A number of firearms were also found in Rudd's home, but none was consistent with the one police think was used to kill Tabak-Bodtke.

Besides Noreen's sisters, among those present for Thursday's proceedings were Tabak-Bodtke's daughter and two former stepdaughters of Rudd, Lori Hart and Cindy Mulligan. The sisters wrote a book about him after his arrest called "Living With the Devil."

Back in 1973, Rudd was romantically involved with Lori's and Cindy's mother, Dianne Hart, and was living with the three of them and two other Hart siblings. But according to testimony, he arrived home one day and announced he was marrying Noreen, who worked with him at Quaker Oats in Barrington.

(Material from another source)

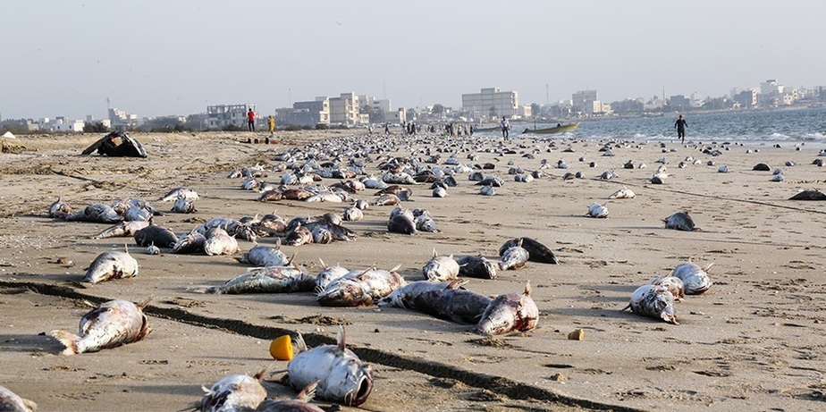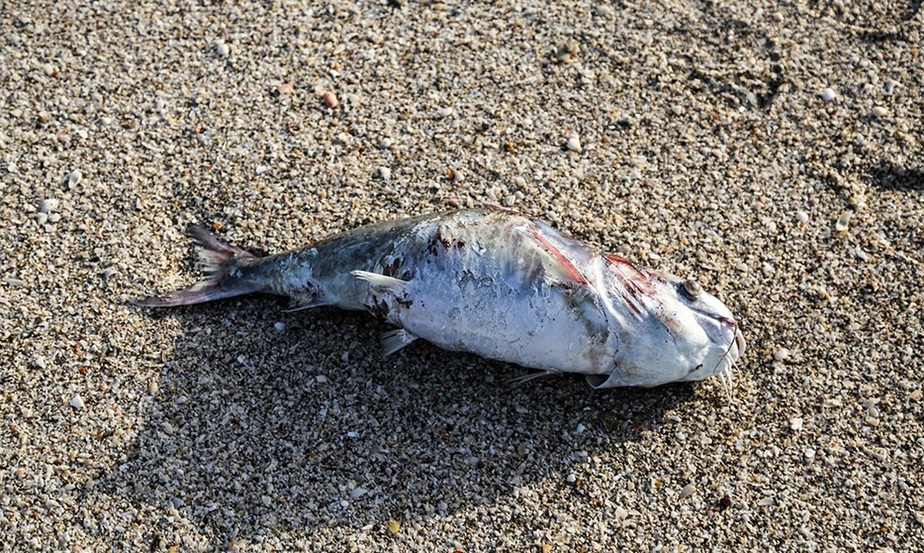 لاشه این ماهیها توسط جریان آب به ساحل آورده شده است و بیش از ۱.۵ تا ۲ کیلومتر از ساحل این منطقه شاهد لاشههای به گل نشسته گربه ماهیها است.

Weeks later, police found Rudd's Ford Pinto wagon in a field in Barrington Hills, with Rudd cradling his bride in the car. According to testimony, he told police that the couple had visited her mother in Carpentersville and were on their way back to their Hoffman Estates home when someone ran them off the road. Rudd said his wife was ejected from the Pinto and hit her head on a rock and that he carried her back to the car.

Less than a year later, Rudd married Dianne Hart, the third of his five wives.

Decades after Noreen Rudd's death, investigators were granted a court order to exhume her remains. Experts testified at Rudd's trial that her wounds were caused by blows to the head, not a car crash injury, though the defense had its own witness who sought to refute that finding.